* _WHAT TO WORK ON_: From the records below, please print only the lines from the one containing "A stood-up performer" through the one containing "Pistons, Pins &", both included. Skip the pictures.

* _RECORDS FOR THIS EXERCISE_:

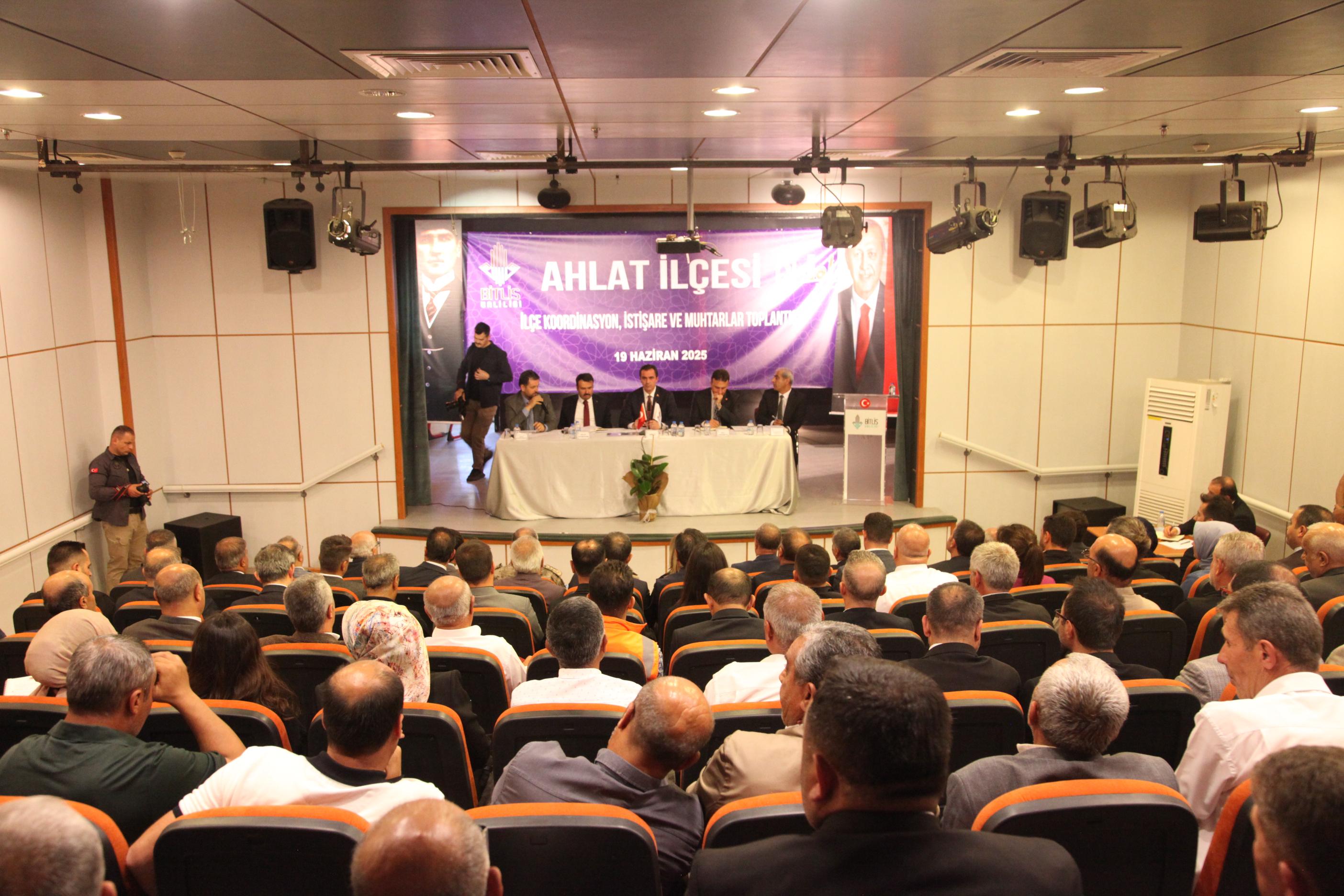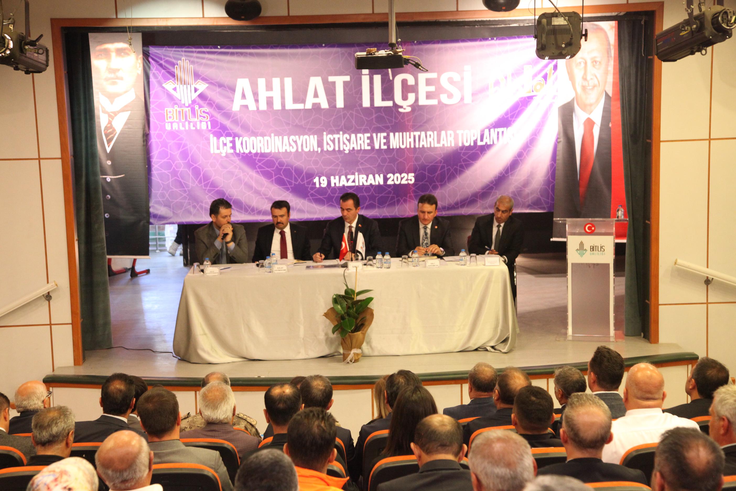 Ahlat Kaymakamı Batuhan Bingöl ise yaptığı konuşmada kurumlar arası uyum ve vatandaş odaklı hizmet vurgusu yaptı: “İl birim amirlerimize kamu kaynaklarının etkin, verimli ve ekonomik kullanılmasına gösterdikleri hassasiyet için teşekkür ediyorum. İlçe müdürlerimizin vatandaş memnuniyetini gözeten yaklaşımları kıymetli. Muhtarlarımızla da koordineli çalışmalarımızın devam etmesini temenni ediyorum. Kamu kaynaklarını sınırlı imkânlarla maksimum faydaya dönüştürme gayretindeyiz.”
* * *
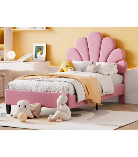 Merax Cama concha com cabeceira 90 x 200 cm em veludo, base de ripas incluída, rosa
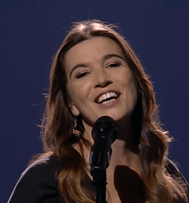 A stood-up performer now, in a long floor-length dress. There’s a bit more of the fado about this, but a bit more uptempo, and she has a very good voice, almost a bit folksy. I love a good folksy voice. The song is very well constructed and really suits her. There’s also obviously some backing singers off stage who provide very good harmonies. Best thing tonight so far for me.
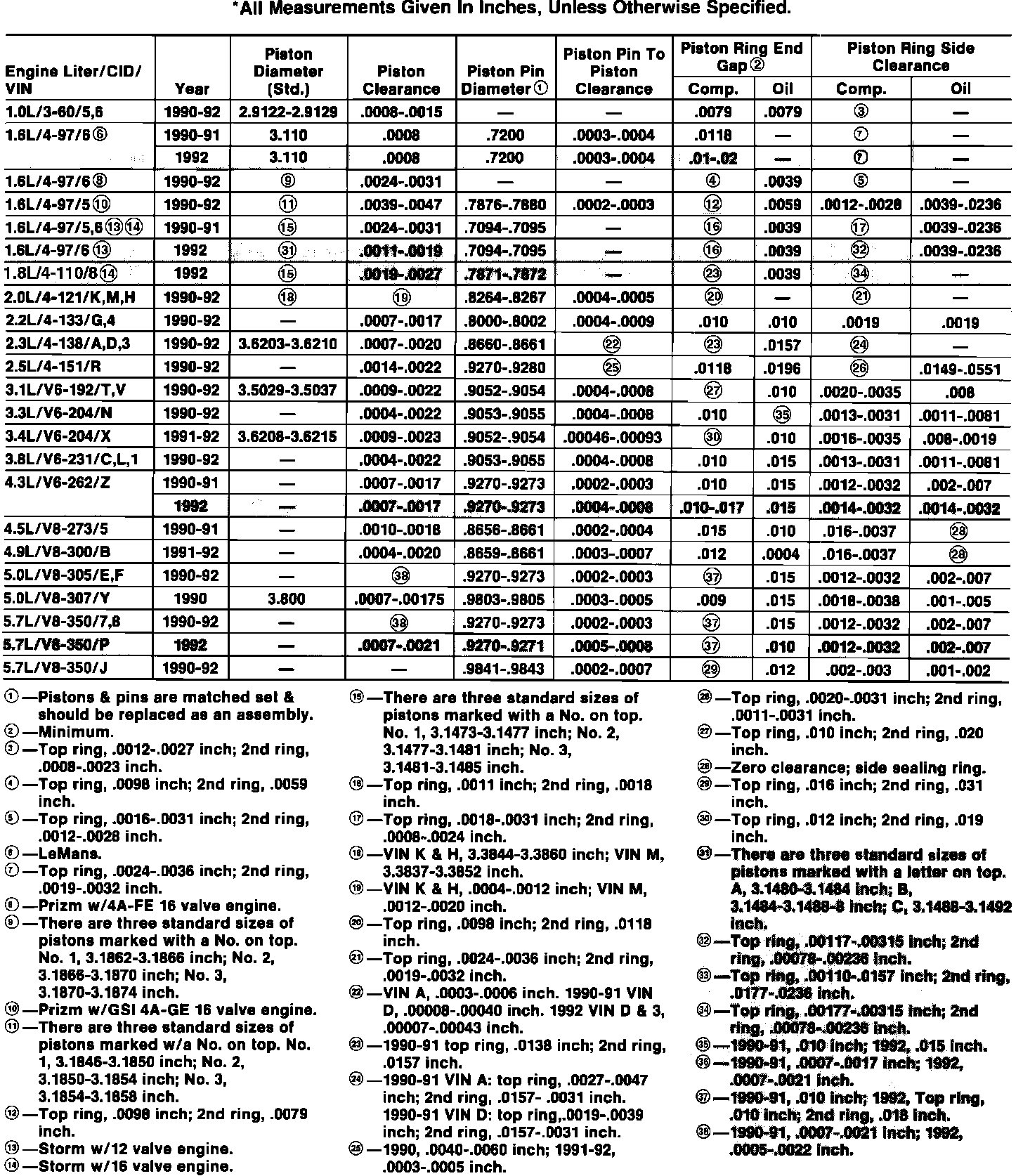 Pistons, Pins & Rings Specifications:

* _EXERCISE RESPONSE_:
 A stood-up performer now, in a long floor-length dress. There’s a bit more of the fado about this, but a bit more uptempo, and she has a very good voice, almost a bit folksy. I love a good folksy voice. The song is very well constructed and really suits her. There’s also obviously some backing singers off stage who provide very good harmonies. Best thing tonight so far for me.
 Pistons, Pins & Rings Specifications:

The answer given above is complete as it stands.